I have transformed some data to make it stationary before fitting an ARIMA(1,0,1) model. I specifically want to manually transform the data to better understand the process.

I can successfully fit a model and make n predictions, my issue is now inversely transforming that data back so my predictions are meaningful. I can't use the inverse of the original function as the training data and number of predictions will likely always be different lengths and this seems to conflict with the functions.

 remove_seasonality <- function(x) {
  t <- seq_along(x)
  sin_term <- sin(2 * pi * t / 52)
  cos_term <- cos(2 * pi * t / 52)
  lm_model <- lm(x ~ sin_term + cos_term)
  residuals(lm_model)
}
subset_data_two$x_deseasonalized <- remove_seasonality(subset_data_two$Nitrogen_Dioxide)
detrended_data <- subset_data_two

split_data <- function(data, train_or_test, prop) {
  ordered_data <- data[order(data$Date), ]
  row_count <- nrow(ordered_data)
  train_size <- round(prop * row_count)
  
  if (train_or_test == "train") {
    train_data <- ordered_data[1:train_size, ]
    return(train_data)
  } else if (train_or_test == "test") {
    test_data <- ordered_data[(train_size + 1):row_count, ]
    return(test_data)
  } else {
    stop("train_or_test must be either 'train' or 'test'")
  }
}
training_data <- split_data(detrended_data, "train", 0.85)
test_data <- split_data(detrended_data, "test", 0.85)



# 3.0 Fit Model
fix <- training_data[,c("Date", "x_deseasonalized")]
fixed_tseries <- read.zoo(fix)
fix_model <- arima(fix$x_deseasonalized, order=c(1,0,1))


# 4.0 Forecast
forecasted <- forecast(fix_model, h = 3

Answer 1

You are removing seasonality by fitting a linear model and working with the residuals. That's a reasonable approach for simple sinusoidal seasonality, though a different shape of seasonality might need additional harmonics, i.e. higher frequency terms.

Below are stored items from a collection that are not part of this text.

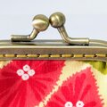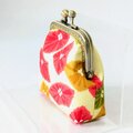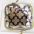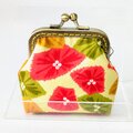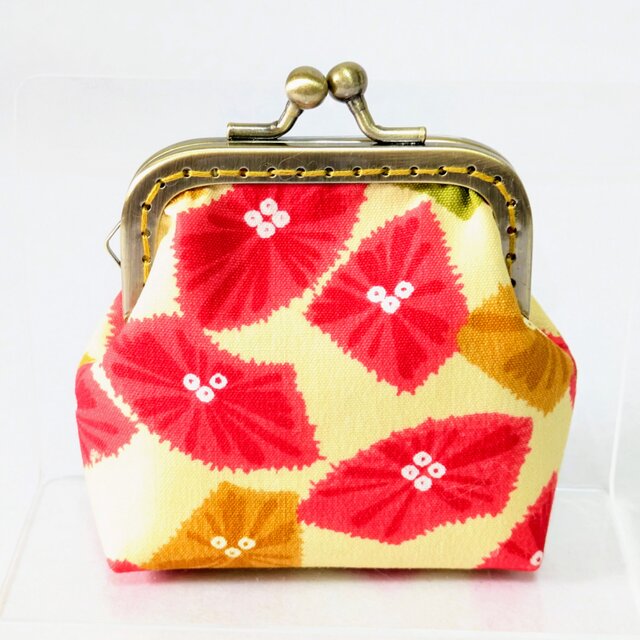 生成り地に扇型の柄が描かれた着物でがま口を作りました。
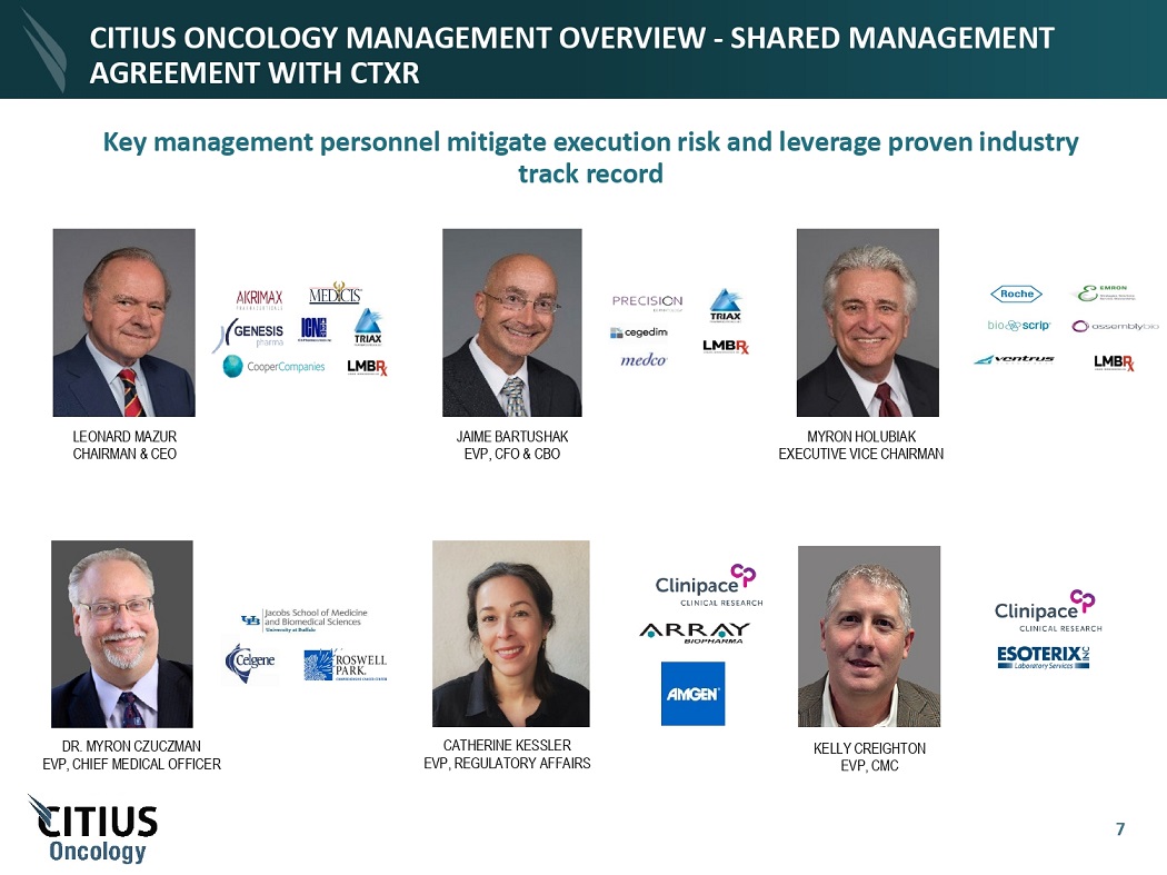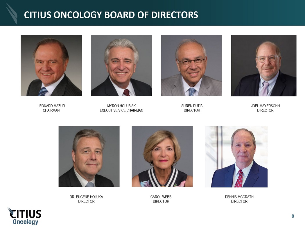 CITIUS ONCOLOGY MANAGEMENT OVERVIEW - SHARED MANAGEMENT AGREEMENT WITH CTXR L E O NA R D M A Z UR CHA I RM A N & CE O J A I M E BA R T U S H AK EVP, C F O & C BO DR . M YR O N C Z UC Z M A N EVP, CH I EF M E D I C AL O FF I C ER KE LL Y CRE I G H T O N EVP, C M C CA T HE RI N E KESS L ER EVP, R EG U L A T O R Y A FF A I R S Key management personnel mitigate execution risk and leverage proven industry track record M YR O N H O L UB I A K EXE CU T I VE V I C E CH A I R M AN 7
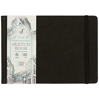 Скетчбук в премиальном исполнении с твердой обложкой из экокожи, фактура которой имеет потертый шик. Резинка предотвратит случайное раскрытие и не позволит помяться листам.
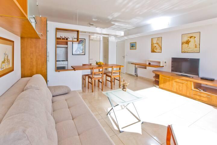 Kot omamljanje kot slike. Perfect balkon pogledov. Čist in lep apartma z udobnim pohištvom in posteljo. A / C deluje dobro in tuš ima veliko tople vode. Tatjana je tako sladka in ponuja informativni priročnik. 20 minut čudovit sprehod do mesta vzdolž vode. Ni problema! Ljubil sem to stanovanje! Zelo priporočam! Hvala Tatjana .. Sari in Deanne
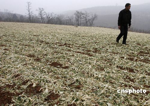 2月2日,河南省洛陽市宜陽縣趙堡鄉(xiāng)農(nóng)民看著滿地干旱蔫黃的油菜,十分無奈。2月2日凌晨,當(dāng)?shù)貧庀蟛块T實(shí)施了多批次人工增雨雪作業(yè),作業(yè)區(qū)內(nèi)普降小雨,一定程度上緩解了當(dāng)?shù)厣只痣U等級,但因為雨量過小,基本于旱情無補(bǔ)。 目前,河南省遭遇1951年以來的特大旱情,全省受旱面積已經(jīng)達(dá)到了63.1%,其中包括洛陽在內(nèi)的豫西地區(qū)尤為嚴(yán)重。河南省氣象局1月29日15時發(fā)布干旱紅色預(yù)警,預(yù)計未來一周內(nèi)河南大部分地區(qū)干旱仍將持續(xù)。 中新社發(fā) 張曉理 攝
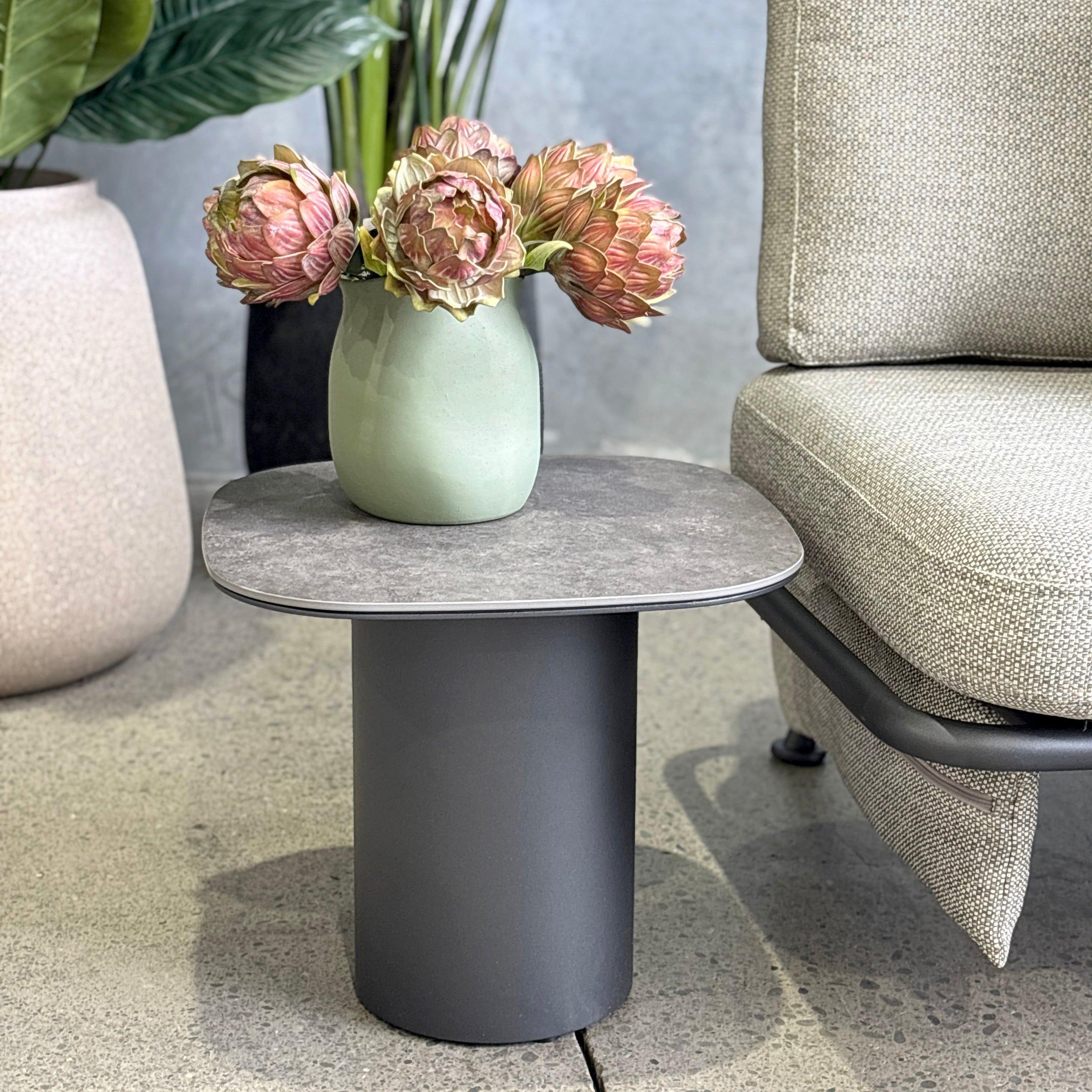 In Charcoal finish with Graphite ceramic top – to match with the Sunset Lounger Sofa, Orlando Sofa and Orlando Modular.

After you remove the seasonality, you throw away the coefficients of the linear fit. At that point you've lost the possibility of restoring it. You should either save those coefficients, or recompute them based on the original data, and then add in predictions using that model to the predictions of your ARIMA model.

You mention that you are using training and test data separately. That shouldn't matter, as long as you use predictions based on the same covariates. That's not obvious from your code, since you are using data index as covariate rather than week of year, which is what your detrending suggests you're using. It'll still be okay as long as train_size takes away an exact number of years, but otherwise won't work.

So I'd suggest the following: for detrending, compute day of year or week of year from Date, and use that as the covariate. Then you can just do predictions for a different dataset using the same method.

BTW, if you had posted reproducible code I could have posted demo code, but you didn't, so I didn't.